Preserving Produce: Tips For Selection And Storage

Perhaps you do it once a week.  Perhaps you do it more.  But eventually, you toss spoiled fruits and vegetables in the garbage.  Lots of them.  I know I did it last week, cringing and cursing at not having a composter to throw them in.  Clearly we’re not alone.  According to researchers at the University of Arizona, people throw away an average of 470 pounds of food per year – about 14 percent of all food brought into the home – at an annual cost of $600.  That boils down to more than half a pound of fruits and vegetables a day.  And we all know that wasting produce is, well, a waste.  To get the most out of your produce, wise selection and storage is key.  Here are some everyday quick and easy tips for keeping fruits and vegetables fresh…and out of a Hefty.

Selection Tips

  • Don’t buy more than you’ll eat in a week.
  • The typical signs of freshness are crispness and a bright, lively color.
  • Fruits and vegetables at the peak of their season offer the best quality (and often price).
  • When selecting fruits and vegetables look for those with the least physical damage.  Cuts and bruises damage the cell walls of your vegetables and open them up to spoilage.
  • Handle with care: fresh fruits and vegetables, because of their perishability, require constant attention to keep their fresh appearance.
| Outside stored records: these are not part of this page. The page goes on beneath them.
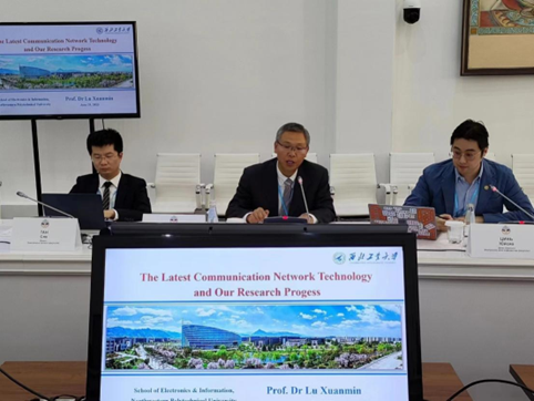 研讨会开幕式上,阿里法拉比哈萨克斯坦国立大学校长图伊梅巴耶夫、我国驻阿拉木图总领事蒋薇、我校国际合作处处长张富利依次致辞。随后,中哈双方学院代表依次作学院报告。我院院长助理秦雨潇围绕师资队伍、人才培养、科学研究、学科建设等方面对学院进行了详细的介绍,并表示此次活动有助于高质量推进分校建设,英国上市公司官网365将以此为契机,充分发挥学科优势,在学校的统一指导下,详细制定培养方案,高效推进分校建设。学院教师代表卢选民副教授作了题为The latest communication network technology and our research progress的专题报告,阐明了通信网络技术的重要意义,并展望了当前的研究热点及未来发展方向。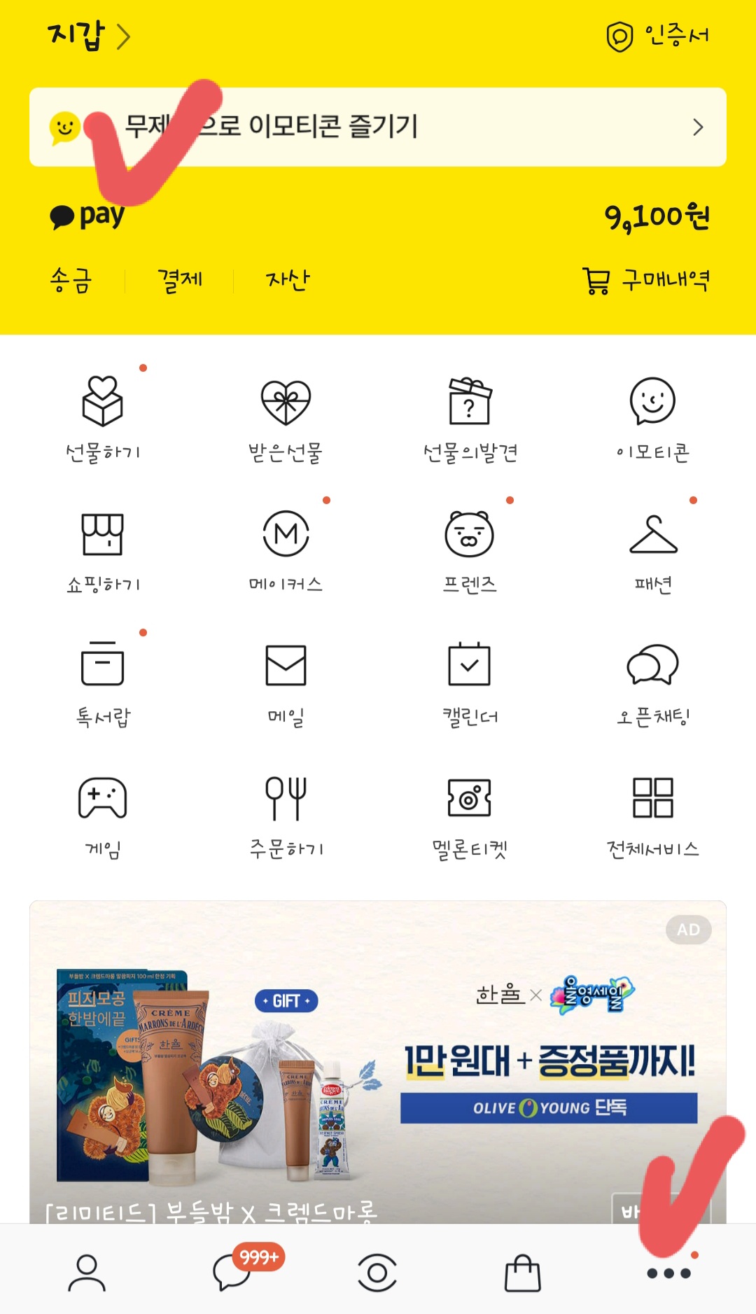 카카오톡 앱 켜기->하단 제일 오른쪽 점 세개(•••) 버튼 클릭 ->상단의 pay 글자 클릭(빨간 체크)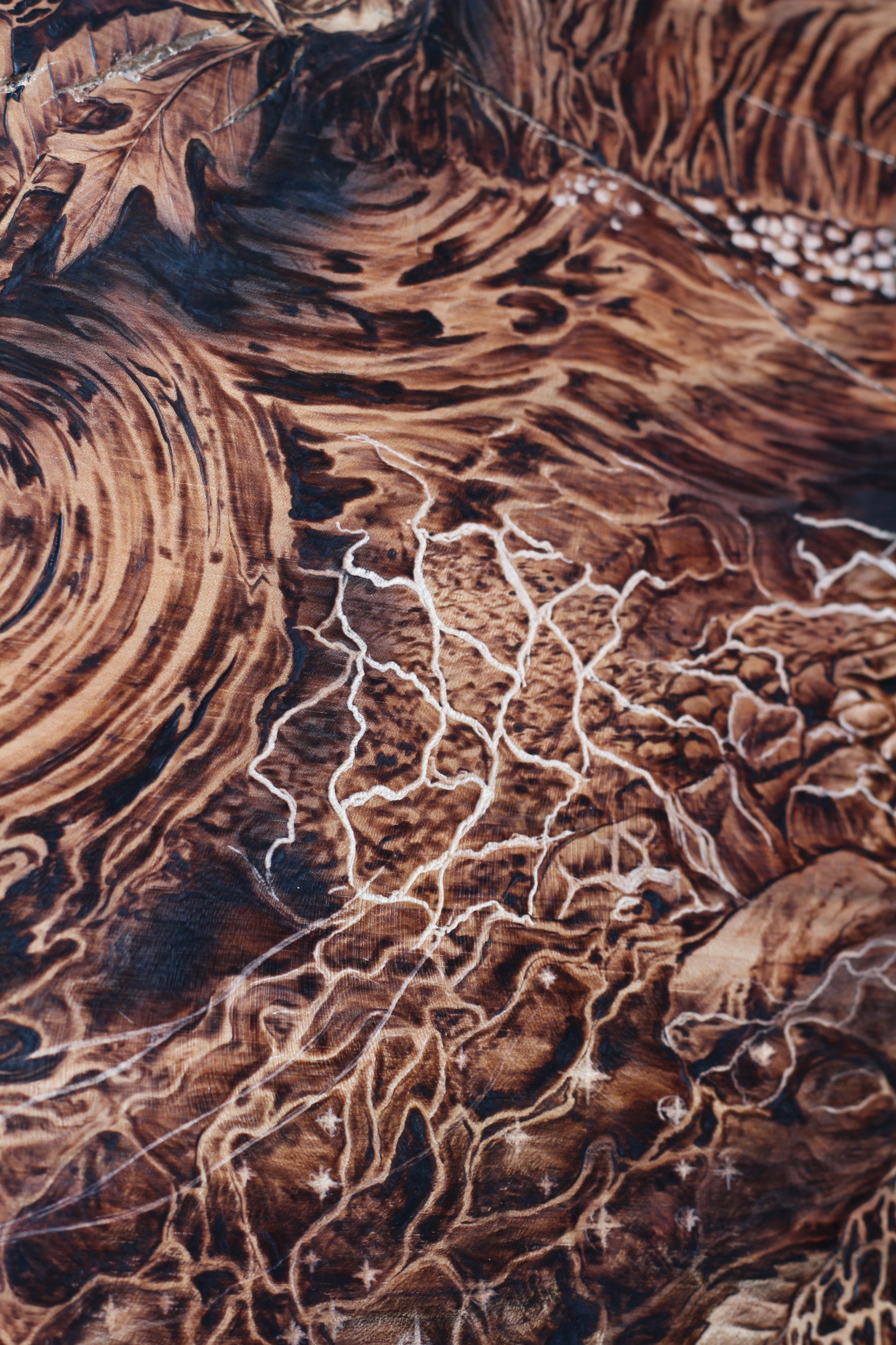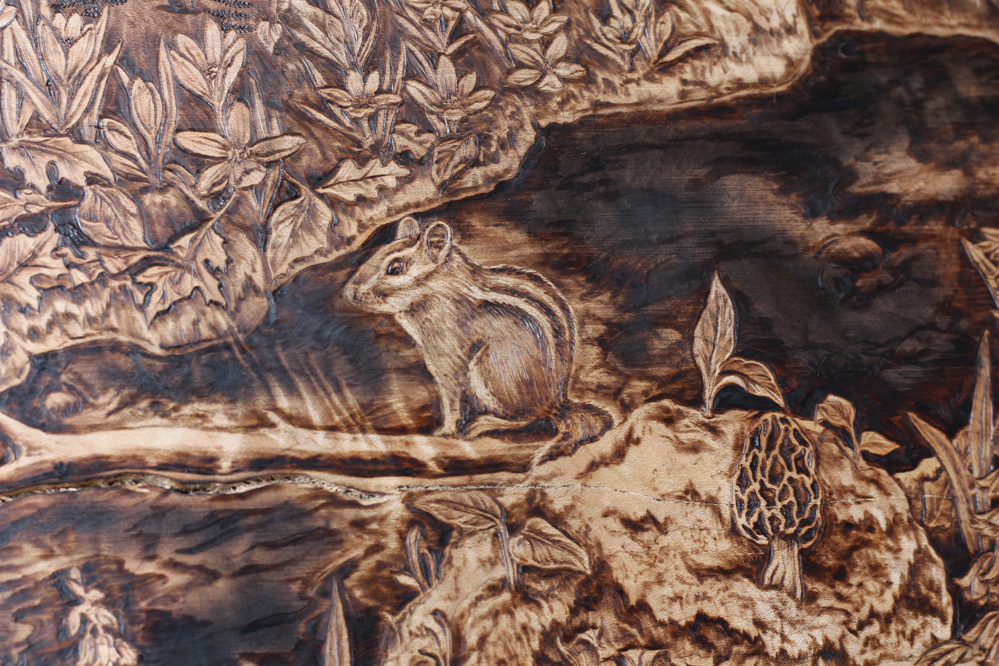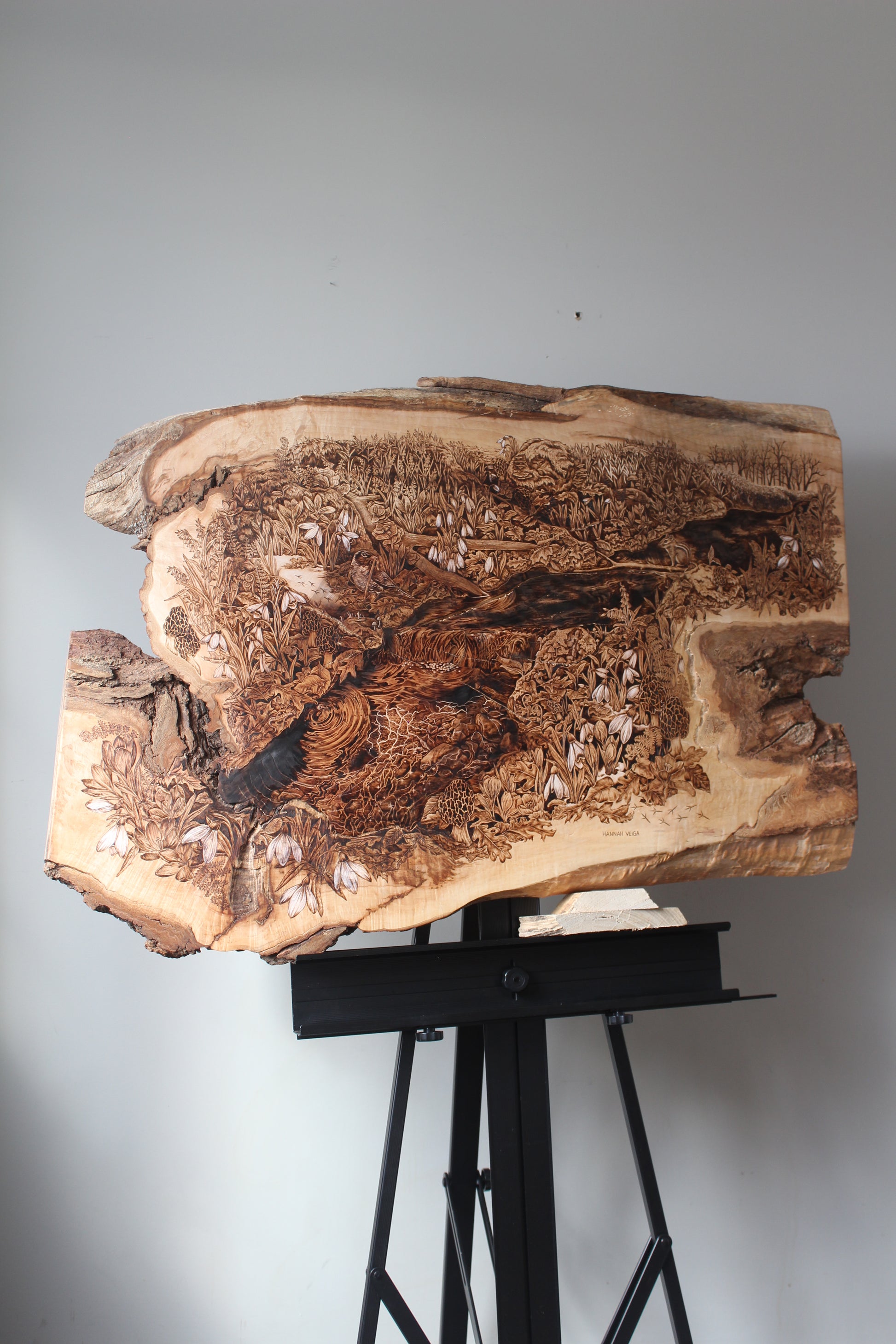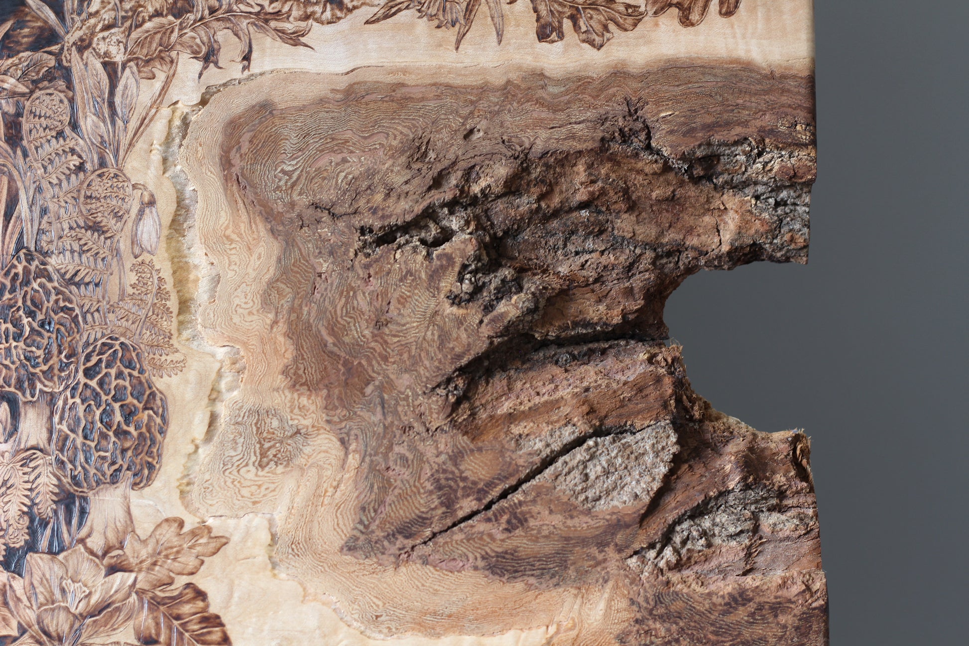 The Slow Reveal is an original woodburning on a 28.5" x 26.5" x 1.75" live edge, salvaged maple sourced locally here in Ontario. This piece has been sealed with non-toxic, water-based polycrylic to ensure the integrity of the artwork and the wood.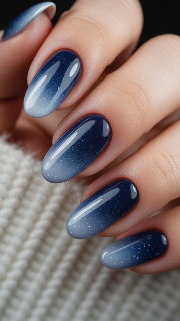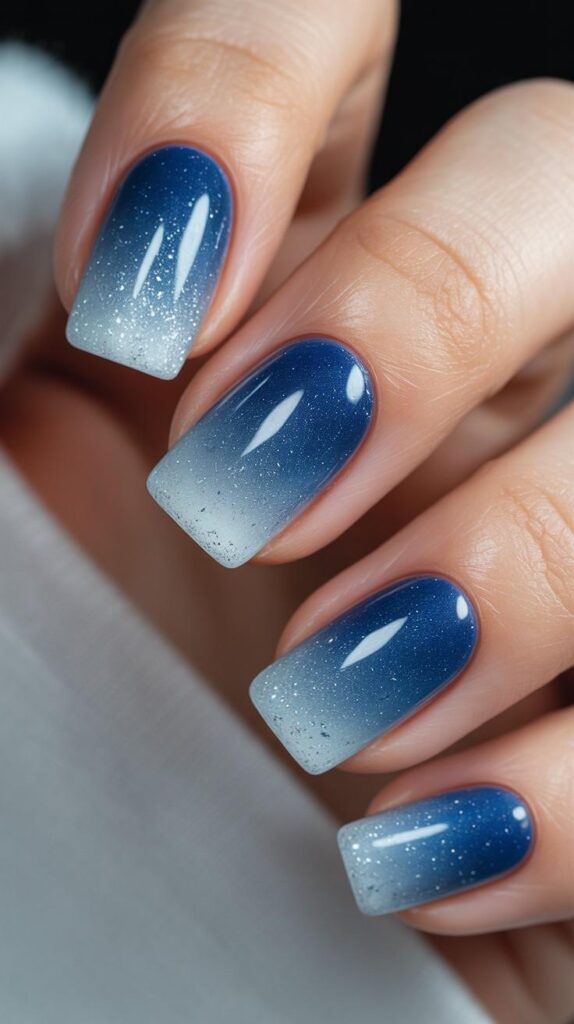Rich navy-to-ice-blue ombre polish meets delicate silver glitter — cool, ethereal, and perfect for showing off your winter elegance. The glossy finish catches light like frozen waves, while the soft square shape frames the hand with quiet sophistication. Paired with an ivory knit cuff, this design whispers ‘arctic serenity’ with every gesture.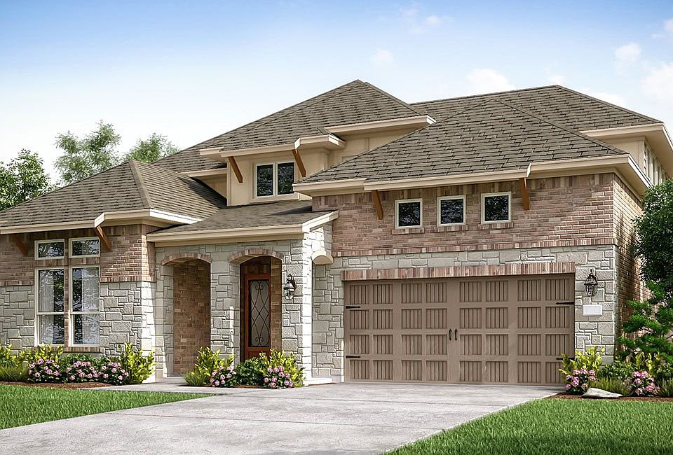 The largest plan in the Cambridge Collection, the grand two-story Brampton floor plan design by Village Builders features a welcoming front porch and entry foyer, 1st floor guest suite, a dining room with an adjoining butler's pantry that offers access to a large walk-in kitchen pantry, a breakfast room that offers access to a covered rear patio, an open island kitchen, and a generous family room. The first floor master bedroom features an en suite master bathroom with dual sinks, a separate corner tub and shower with built-in seating, and a spacious walk-in master closet that offers access to a handy utility room with freezer space. The second floor features a game room, two secondary bedrooms, a full bathroom, and a dedicated media room. Outdoor oasis includes pool/spa with water features and fire bowls along with large covered patio with travertine decking, ceiling fan, lighting, and gas line.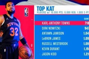 在今天的戰勝老鷹的比賽中,尼克斯中鋒唐斯達成生涯16000分8000籃板1000三分的成就,是歷史第七個達成這一成就的球員。

The less you handle them when purchasing, or in the home, the longer their life. Don’t pinch, squeeze or poke as bruising leads to damage and damage results in more spoilage.
  • Look for produce which is average in size and shape; humongous produce rarely tastes as good as it looks.
  • If you can smell it, you can taste it.

Storage Tips

  • Accounting 101 at it’s finest; the good ol’ FIFO (first in, first out) rule.  Use whatever is oldest first and continually rotate your stock to ensure freshness and reduce waste.
  • Store fresh produce unwashed until you are ready to eat it, this will ensure the best quality and avoid spoilage.
  • Minimize dehydration: One of the biggest contributors to aging in vegetables is loss of moisture. The air in your refrigerator tends to be very dry, so high moisture produce such as celery, is best stored in plastic bags or containers in the crisper drawer – this will minimize moisture loss and wilting.
  • Store leafy greens in an open plastic bag lined with a damp paper towel in the crisper drawer.
  • Avoid cutting or trimming:
A whole squash will keep longer than a cut piece. Once produce is exposed to the air and to microbes it is only a matter of time before it rots. So best to leave trimming and chopping until the last minute.
  • If fruits and vegetables are stored on the refrigerator shelves, be sure to store them above meats and poultry to avoid contamination.
  • Keep washed herbs wrapped in a paper towel in the crisper drawer.
  • Onions, garlic, and squash are best kept in a dry, dark pantry.
  • Sunlight can promote sprouting in potatoes and sweet potatoes, so unless you’re trying to encourage ripening it’s best to store them in the dark.
  • Mushrooms are best stored in the fridge in a brown paper bag.
  • If there’s one thing you take away from this post, this is it. Do not refrigerate tomatoes (unless cut). Tomatoes are dramatically damaged when chilled, losing fragrance and texture.